__Task requirements__: Where does the string "used" appear in the records? Copy every line that contains it.

__Source material__:
*** Block opens ***

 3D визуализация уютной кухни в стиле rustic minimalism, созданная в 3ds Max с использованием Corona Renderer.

*** Block closes ***
*** Block opens ***

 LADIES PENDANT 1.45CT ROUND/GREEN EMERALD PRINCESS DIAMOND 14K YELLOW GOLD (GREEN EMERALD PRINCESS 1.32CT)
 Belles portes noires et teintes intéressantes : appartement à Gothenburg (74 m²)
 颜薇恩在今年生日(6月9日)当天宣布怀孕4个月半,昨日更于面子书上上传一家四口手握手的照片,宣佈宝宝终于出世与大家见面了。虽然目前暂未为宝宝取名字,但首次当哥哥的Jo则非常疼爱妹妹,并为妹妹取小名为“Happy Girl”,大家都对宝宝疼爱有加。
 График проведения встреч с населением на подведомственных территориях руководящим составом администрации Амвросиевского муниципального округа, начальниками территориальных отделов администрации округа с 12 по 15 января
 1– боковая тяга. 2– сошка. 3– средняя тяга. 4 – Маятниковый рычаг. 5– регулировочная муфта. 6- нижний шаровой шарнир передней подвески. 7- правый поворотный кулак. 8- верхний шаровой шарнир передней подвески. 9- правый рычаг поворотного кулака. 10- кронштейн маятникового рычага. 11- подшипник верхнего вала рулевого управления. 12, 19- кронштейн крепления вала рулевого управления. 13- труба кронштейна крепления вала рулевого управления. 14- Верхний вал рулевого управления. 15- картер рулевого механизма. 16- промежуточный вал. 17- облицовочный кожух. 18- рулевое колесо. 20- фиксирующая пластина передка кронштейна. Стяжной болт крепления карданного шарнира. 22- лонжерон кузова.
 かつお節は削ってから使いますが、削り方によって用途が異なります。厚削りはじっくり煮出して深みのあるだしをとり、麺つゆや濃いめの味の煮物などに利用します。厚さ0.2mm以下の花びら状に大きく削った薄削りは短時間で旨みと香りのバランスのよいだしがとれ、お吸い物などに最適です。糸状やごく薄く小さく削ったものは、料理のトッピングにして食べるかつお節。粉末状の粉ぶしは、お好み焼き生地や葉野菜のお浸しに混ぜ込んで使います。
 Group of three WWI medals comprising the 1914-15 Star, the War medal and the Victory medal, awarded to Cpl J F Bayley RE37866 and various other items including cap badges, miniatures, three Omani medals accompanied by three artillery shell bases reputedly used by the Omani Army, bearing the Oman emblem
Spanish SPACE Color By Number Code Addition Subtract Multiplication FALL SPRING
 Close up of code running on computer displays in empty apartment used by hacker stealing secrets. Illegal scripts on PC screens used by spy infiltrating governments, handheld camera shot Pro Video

*** Block closes ***

__Solution to this exercise__:
 Group of three WWI medals comprising the 1914-15 Star, the War medal and the Victory medal, awarded to Cpl J F Bayley RE37866 and various other items including cap badges, miniatures, three Omani medals accompanied by three artillery shell bases reputedly used by the Omani Army, bearing the Oman emblem
 Close up of code running on computer displays in empty apartment used by hacker stealing secrets. Illegal scripts on PC screens used by spy infiltrating governments, handheld camera shot Pro Video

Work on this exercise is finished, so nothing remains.